J’ai quitté Hearst pour mes études à l’Université d’Ottawa en 1992. Plus tard, en 1997, je me suis installé à Welland, dans la région du Niagara, où j’ai vécu pendant 23 ans. J’avais commencé dans le domaine des affaires, ayant ma propre entreprise de lunetterie. Ensuite, je suis retourné aux études en 2005 pour devenir enseignant, puis cadre de direction. Cet été, au mois d’aout, je suis revenu à Hearst.

Pendant ces 26 années au loin, Hearst m’a toujours manqué. Après la naissance de mes enfants, j’ai voulu revenir, espérant qu’un poste d’enseignant s’ouvrirait. Cela ne s’est pas réalisé, mais avec ma conjointe aussi de Hearst, on a décidé de revenir prendre soin de nos parents âgés. Juste à ce moment, un poste de direction s’est ouvert à l’École St-Louis et j’ai présenté ma candidature. Je suis arrivé le 15 aout et j’ai commencé à travailler le 17 ! J’ai profité très peu de l’été ici, car on avait de choses à régler à Ste-Catharines avant de revenir. C’était mon rêve, j’ai toujours voulu revenir.

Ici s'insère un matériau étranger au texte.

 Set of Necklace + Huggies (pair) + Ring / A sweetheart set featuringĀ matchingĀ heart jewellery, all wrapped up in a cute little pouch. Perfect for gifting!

J’y étais quatre à cinq fois par année, pour tous les congés et aussi pour le Tournoi des deux glaces de la fin avril. Mon cœur a toujours été ici et c’est un grand plaisir pour moi de revenir. Après toutes ces années dans la grande ville, je voulais me trouver quelque chose dans la nature, préférablement sur un lac. Nous avons été très très chanceux de trouver une maison au Lac Ste-Thérèse, c’était une occasion en or et on est au paradis ! Le matin, on fait du ski de fond, en après-midi une randonnée en motoneige, après on s’assoit au bord d’un feu. Même la nature nous a choyés cette année : on est rendu au 11 janvier et il n’a pas encore fait -30. On a un bel hiver pour la transition du retour à Hearst.

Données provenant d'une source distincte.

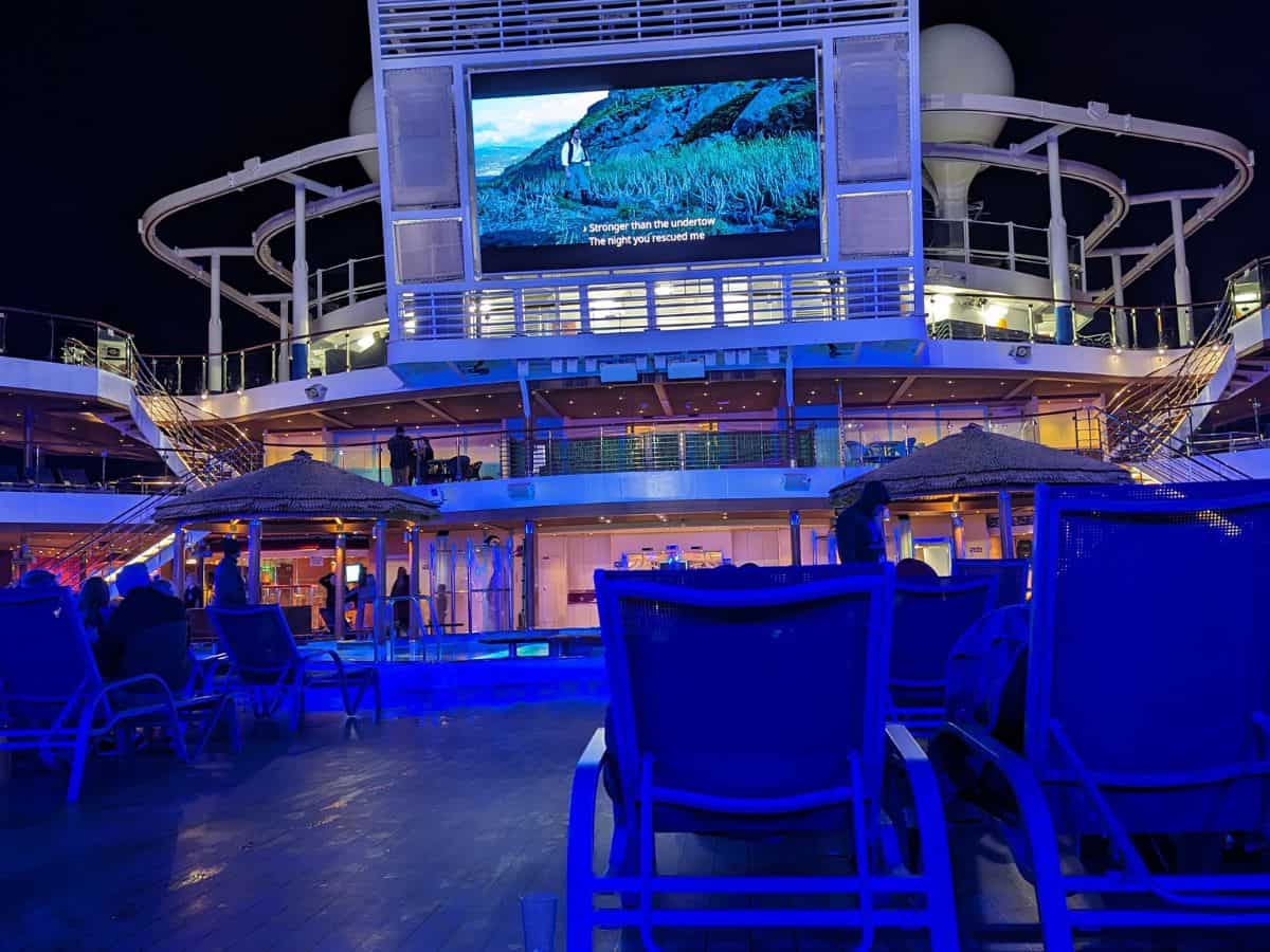 Our favorite evening entertainment is the Dive In Movie. Near the pool, the screen shows recent movies, generally two per night, although this varies by itinerary and movie length.

Au travail, ça se passe très bien ; je connais déjà les familles parce que j’ai toujours eu un pied ici. La grande différence avec le sud de l’Ontario, c’est qu’on n’a pas à se battre avec les élèves pour qu’ils parlent français. Ça a été un beau changement et ça va très bien à l’école, malgré la COVID-19, malgré toutes les mesures en place et les enjeux. Les élèves coopèrent bien, c’est une belle école avec un beau personnel. Je me sens vraiment choyé comme directeur de l’École St-Louis.

Ce qui me manque du sud de la province ? Mes enfants. Ils sont à l’Université d’Ottawa, donc pour eux, se rendre à Ste-Catharines c’était juste cinq heures de route. Je les vois moins souvent, mais avec la technologie, on fait du FaceTime et on peut se voir quand même !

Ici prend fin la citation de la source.